From the line containing "disponíveis para consulta." through the last line of the records below, output every line exactly, both ends included, except the pictures.
===== GIVEN RECORDS
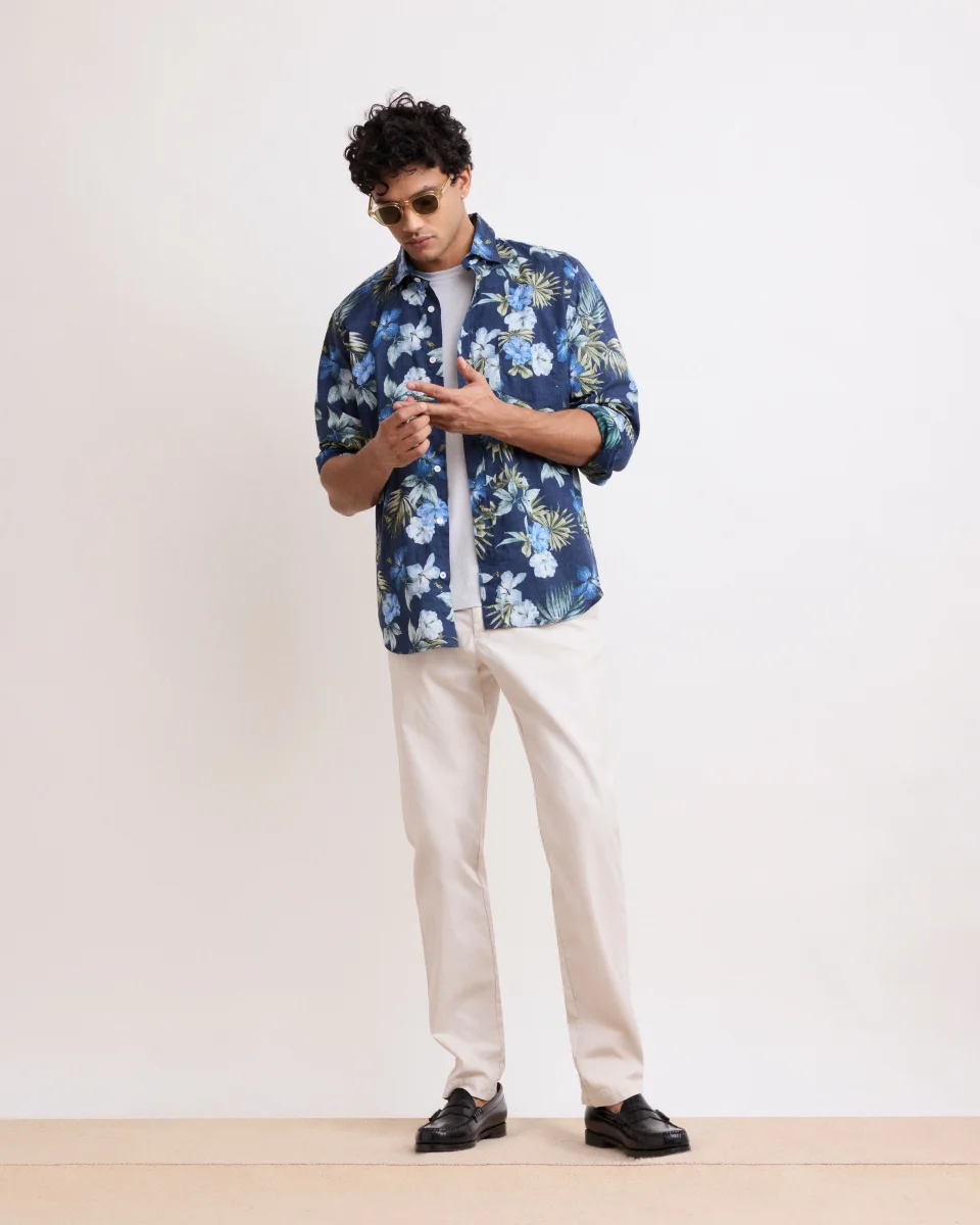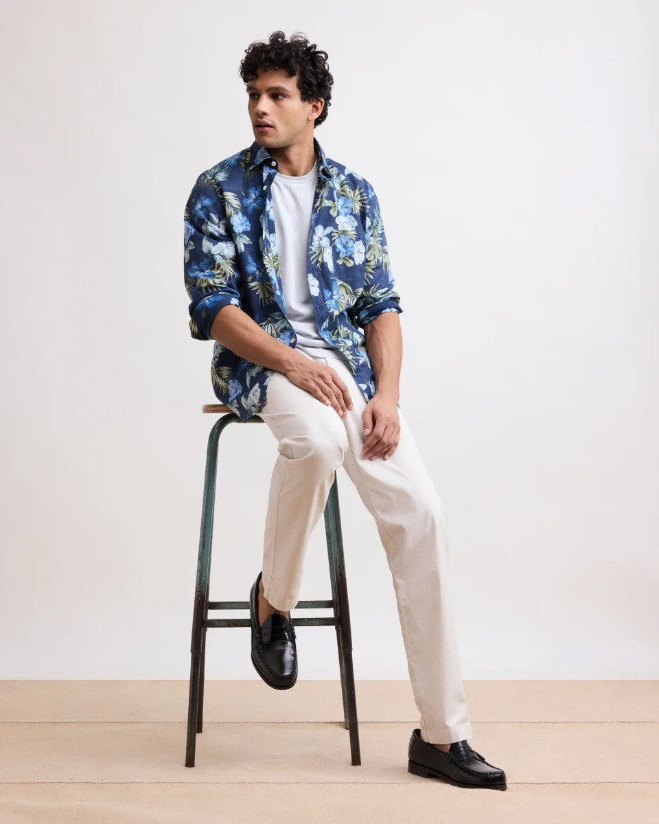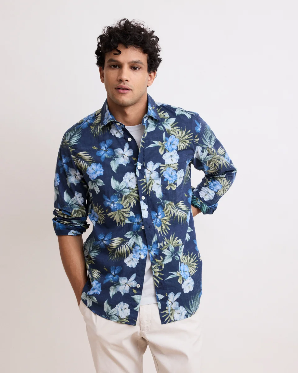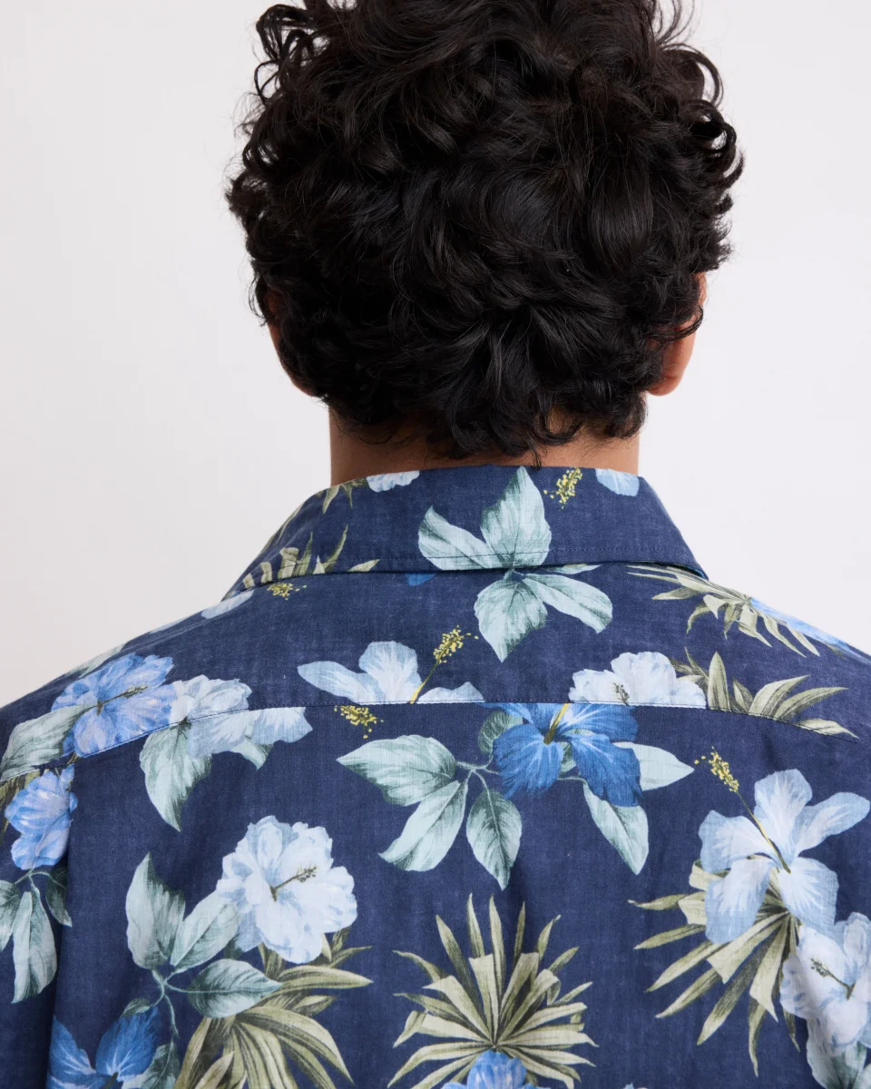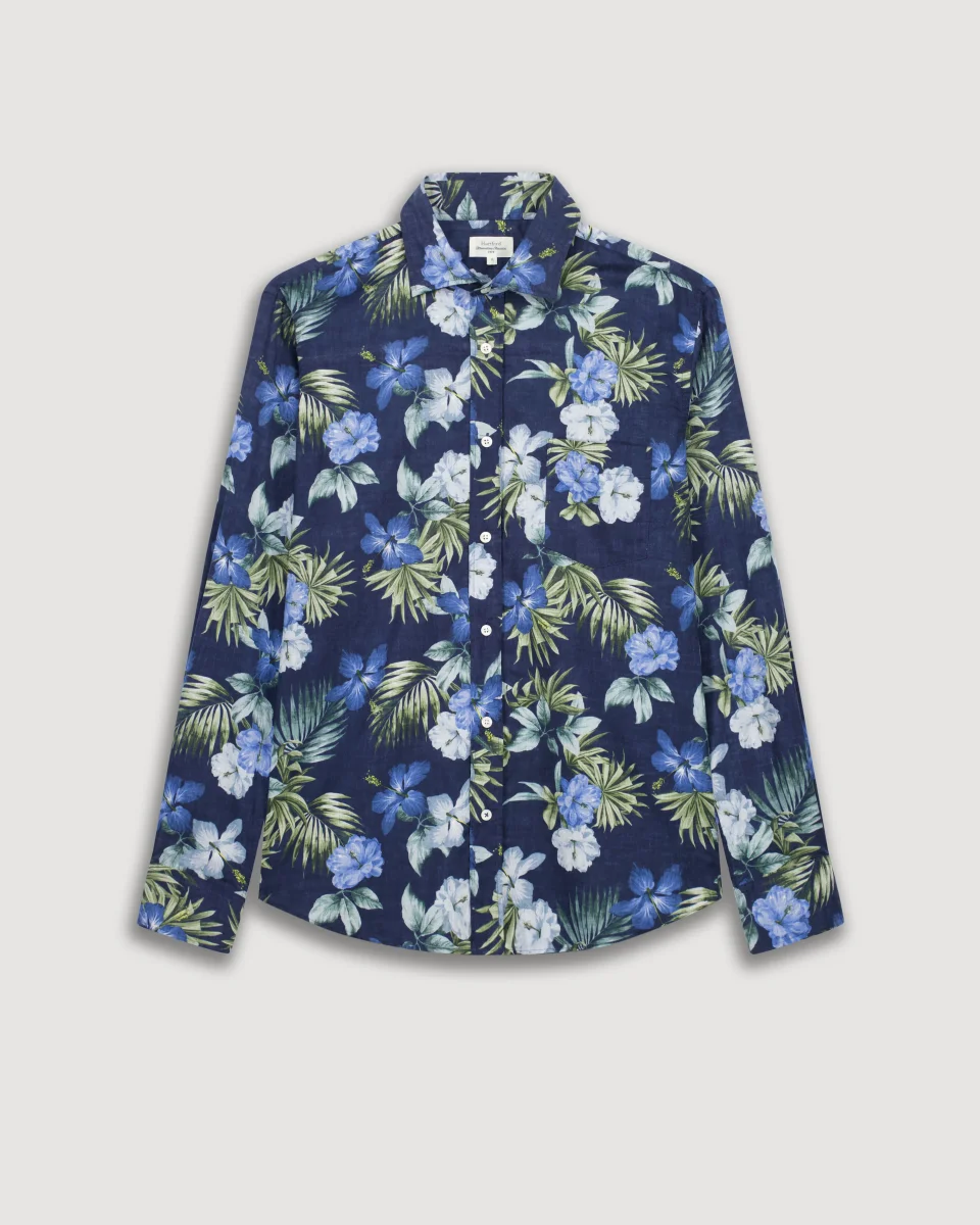 Chemise Homme en Coton Imprimé « Hawaï » Bleu Marine Paul
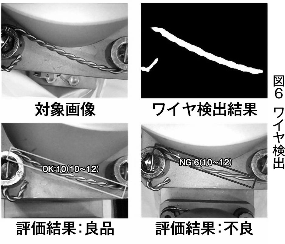 ワイヤ組み付け前についてはボルトおよび通し孔の検出を、ワイヤ組付け後についてはワイヤ組み付け状態の評価を、深層学習を用いて行った(図6)。
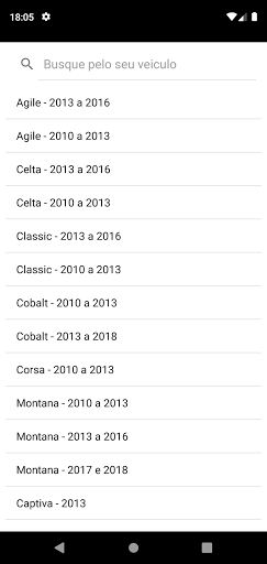* Diversos fabricantes de veículos e seus respectivos modelos disponíveis para consulta.
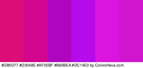 The Hex Color Codes in #DB0D77 #D3048E #AF05BF #B60BEA #DC14E0 #D114CD are #DB0D77 #D3048E #AF05BF #B60BEA #DC14E0 #D114CD .
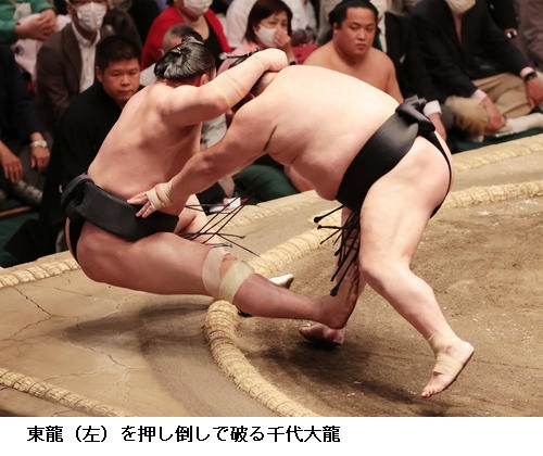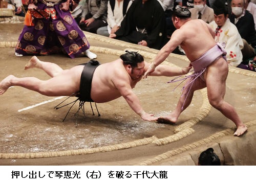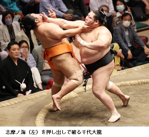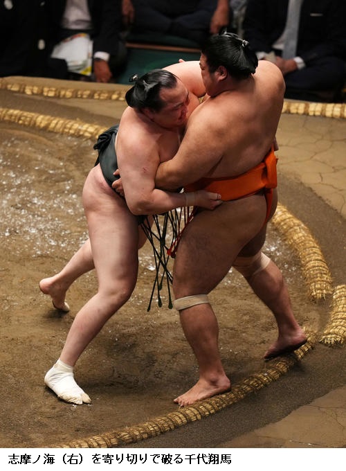 ▽千代大龍に志摩ノ海は千代大龍が押し出しで勝ち越しました。
==========
* **RESULT OF THIS TASK**
* Diversos fabricantes de veículos e seus respectivos modelos disponíveis para consulta.
 The Hex Color Codes in #DB0D77 #D3048E #AF05BF #B60BEA #DC14E0 #D114CD are #DB0D77 #D3048E #AF05BF #B60BEA #DC14E0 #D114CD .
 ▽千代大龍に志摩ノ海は千代大龍が押し出しで勝ち越しました。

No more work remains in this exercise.